As a data scientist, I’m often collaborating with a team of digital marketers at DS, notably on designing custom audiences, automating the deployment of ads, and analyzing digital marketing performance. This collaboration is what prompted my idea. As ridiculous as it sounds, I decided to send my parents and sister targeted ads on Meta hoping to hype the event a bit and get their RSVP.

Screenshot of Meta advertisement titled “Fête Apex” with a photo of a golden retriever wearing an orange collar with pixelated sunglasses superimposed over the dog’s eyes

I used geofencing, a technique used to specify geographic inclusion and exclusion areas when creating audiences. With 5 radius targeting rules, I was able to more or less target only my parents’ house where my sister was also living. I thought it was an ingenious idea and got a little carried away with my ad creative.

After the first day, I didn’t receive the result I anticipated as my audience was too narrow and I was probably competing against legitimate advertisers. I only had about 1 impression (which was most likely myself). So I decided to use a digital marketing strategy I’d learned about and increased the daily budget to $20 to help increase the chances that my family would see the ad.

Then something I didn’t anticipate happened. 

The main and only road that leads to the highway closed and traffic was rerouted onto a nearby residential street… 

Which happened to also be the street where my parents’ house is located…

Because of the volume of traffic, cars were slowly driving past my parents’ house.
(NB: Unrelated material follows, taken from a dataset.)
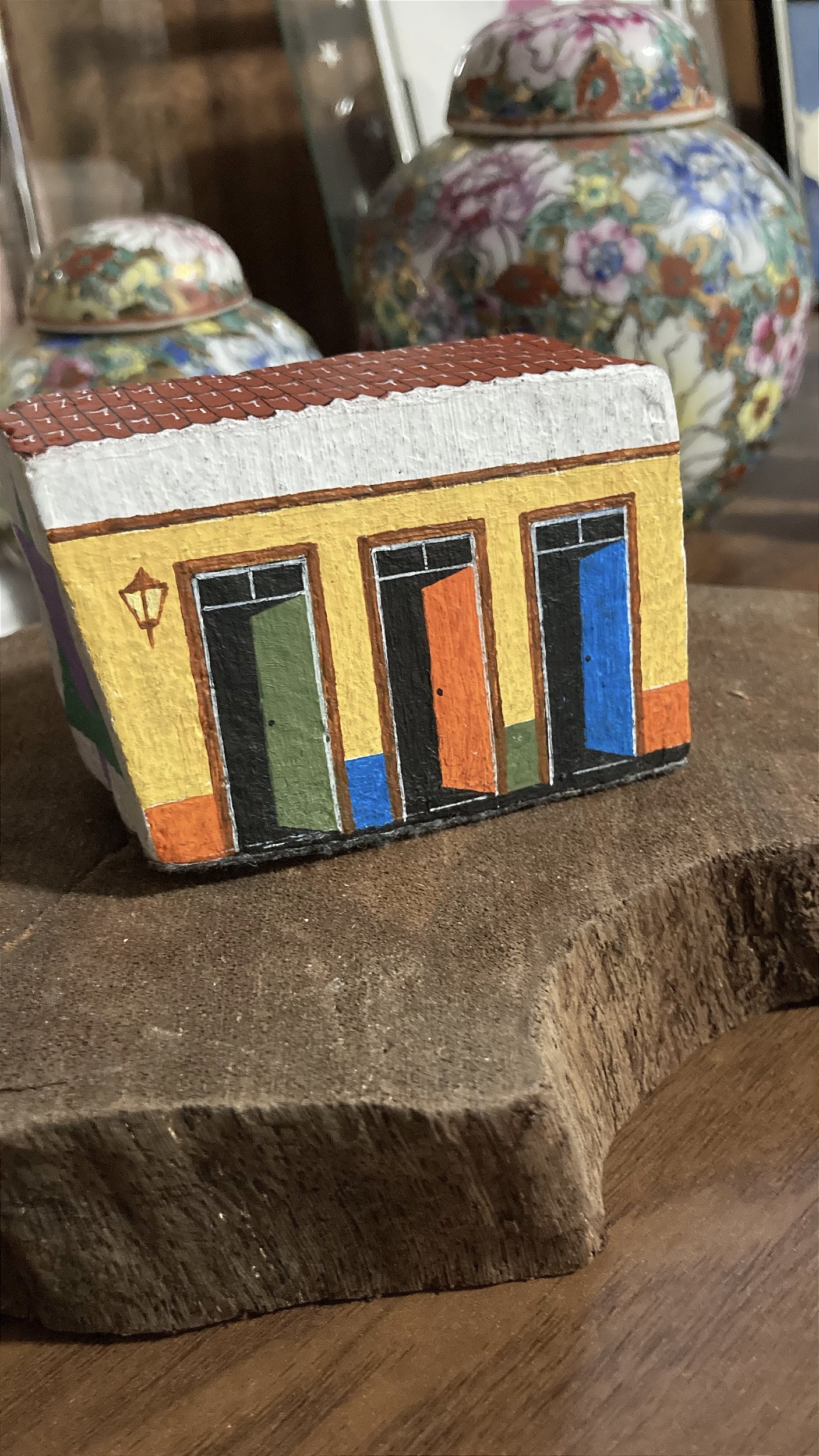 Casinha açoriana pintada à mão em pedra petit pavê. Cada peça traz cor, história e poesia, resultado de um artesanato feito com cuidado e afeto para decorar seu lar com beleza e significado.

Which kept them inside the geofence for longer and had time to be targeted.

The result was that I invited a total of 1,853 people, including my family, over 3 days to my dog’s birthday. My ad was displayed 2,371 times and I topped my daily budgets 3 days in a row. The one metric that I was interested in, the conversion, was lower than I wanted, which I guess is better than higher in this case. In the end, Apex’s birthday party was a success as he was surrounded and celebrated by his loving family.

Apart from being a little intense regarding my dog’s birthday, there are few things that I’ve learned. As a data scientist, it’s important to understand the domain I’m working in but also to acknowledge that I’ll never have the same level of expertise as someone who’s been working in the digital marketing field for years. Optimizing and getting the right people to convert/engage is hard and requires active monitoring and adjustment. In the future, I’ll stick to data and leave the advertising to the digital marketers at DS.